* Provided data:
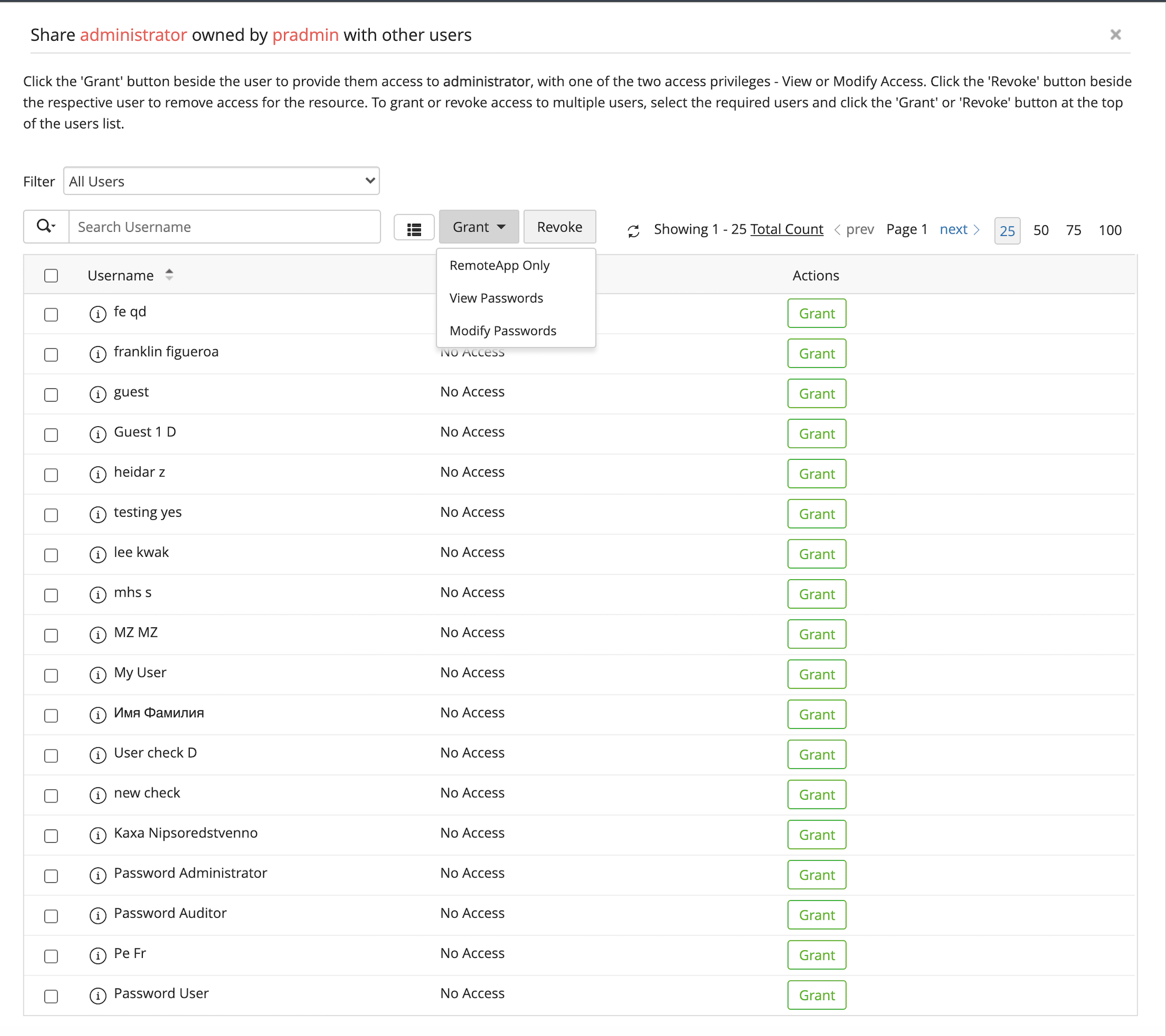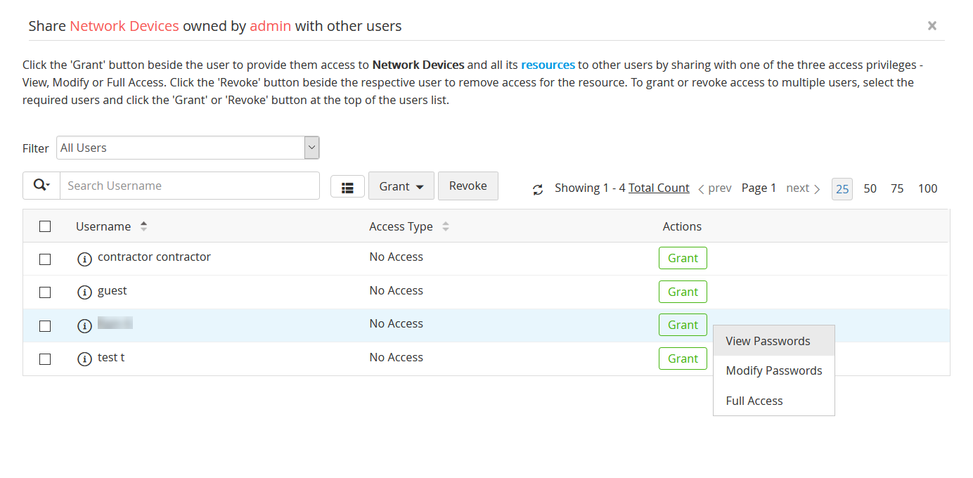 PAM360 允许共享密码和其他敏感信息以选择不同权限级别下的用户和组,例如查看、修改和管理。管理员还可以自行决定将其密码的所有权转让给其他管理员和用户。
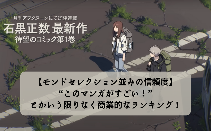 石黒が描くだけあって世界観とか軽快な台詞回し等、純粋に漫画として完成されていて面白かった。が、少なくとも1巻の段階ではただただ物語の基礎を描いているようなモンで、確かに興味は引かれた僕だったが、それまでに受賞していた「デトロイトメタルシティ」のような爆発的面白さはなかった、と思う。まぁギャグマンガと比べるのは筋違いだけど、それほど賞の受賞には納得いかなかった。批判的読者の言う通りに面白くなかったらアイキャッチ画像は
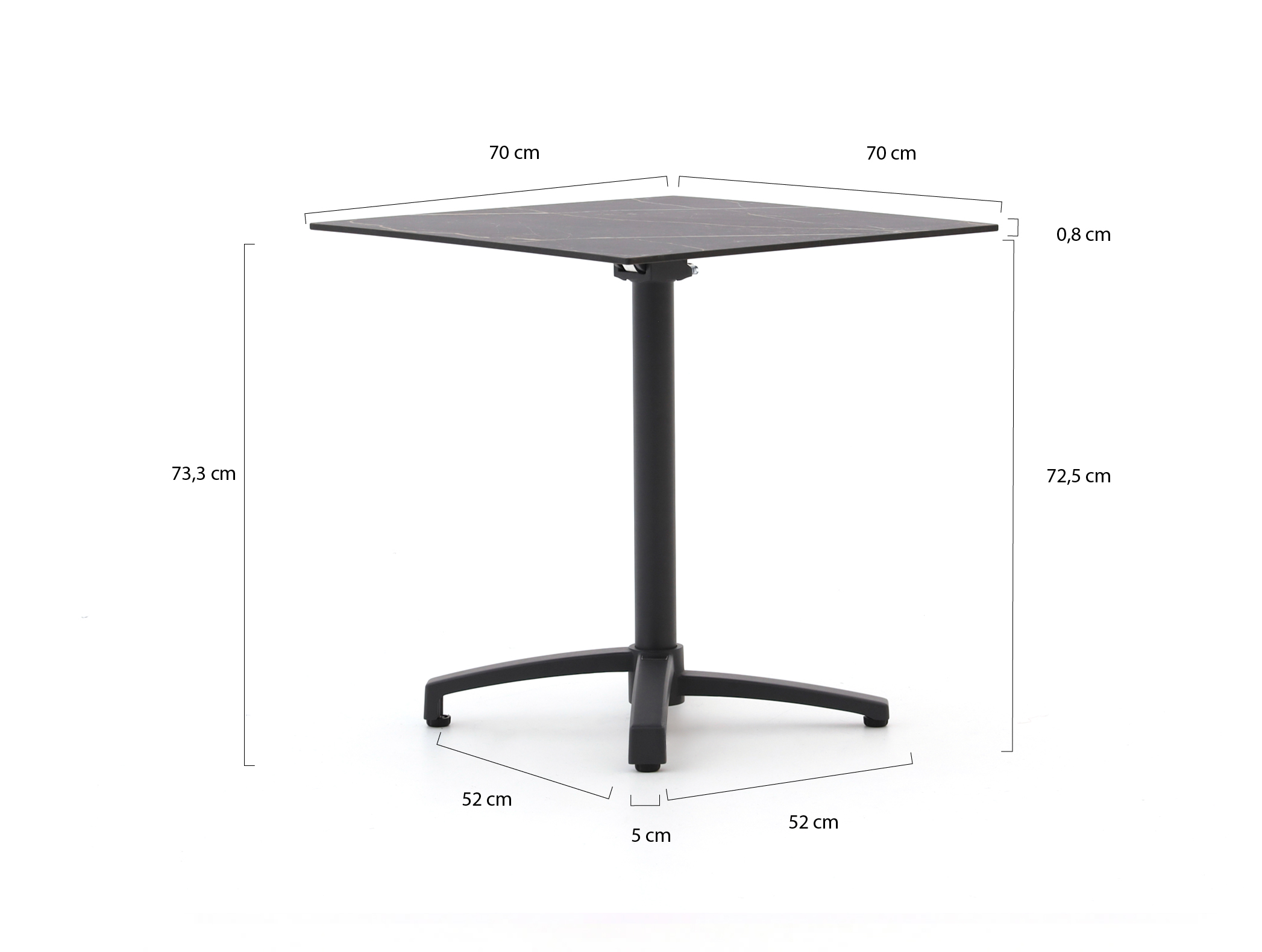 • Compact formaat 70x70 cm: Past goed op een balkon of klein terras, maar biedt toch plek voor borden, glazen en een schaaltje salade.
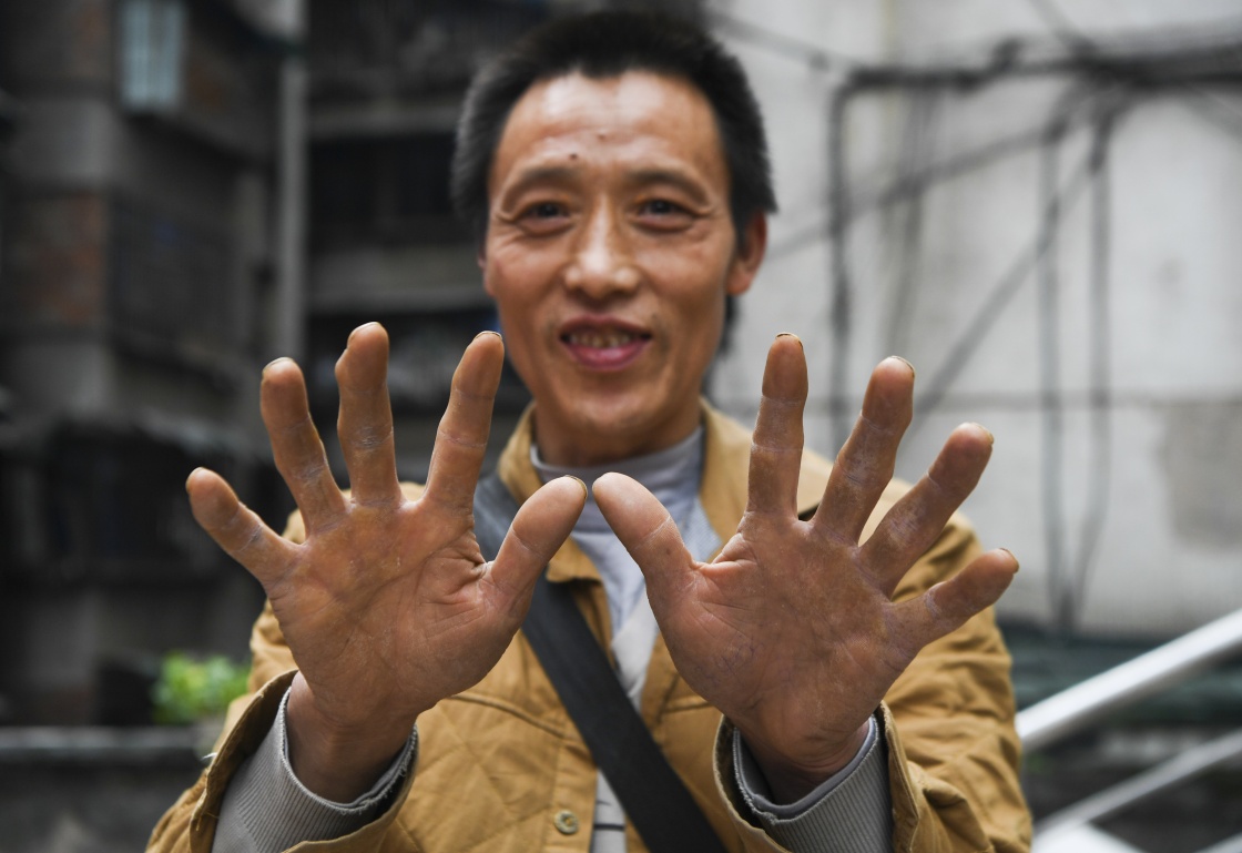 1月5日,冉光輝展示自己的雙手。由于長期搬運重物,他的手磨出了不少老繭。新華社記者 王全超 攝

* Task item: Repeat verbatim the lines from the one with "石黒が描くだけあって世界観と" through the end of the listing above. Include both ends, add nothing, and exclude the pictures.

* Finished exercise:
 石黒が描くだけあって世界観とか軽快な台詞回し等、純粋に漫画として完成されていて面白かった。が、少なくとも1巻の段階ではただただ物語の基礎を描いているようなモンで、確かに興味は引かれた僕だったが、それまでに受賞していた「デトロイトメタルシティ」のような爆発的面白さはなかった、と思う。まぁギャグマンガと比べるのは筋違いだけど、それほど賞の受賞には納得いかなかった。批判的読者の言う通りに面白くなかったらアイキャッチ画像は
 • Compact formaat 70x70 cm: Past goed op een balkon of klein terras, maar biedt toch plek voor borden, glazen en een schaaltje salade.
 1月5日,冉光輝展示自己的雙手。由于長期搬運重物,他的手磨出了不少老繭。新華社記者 王全超 攝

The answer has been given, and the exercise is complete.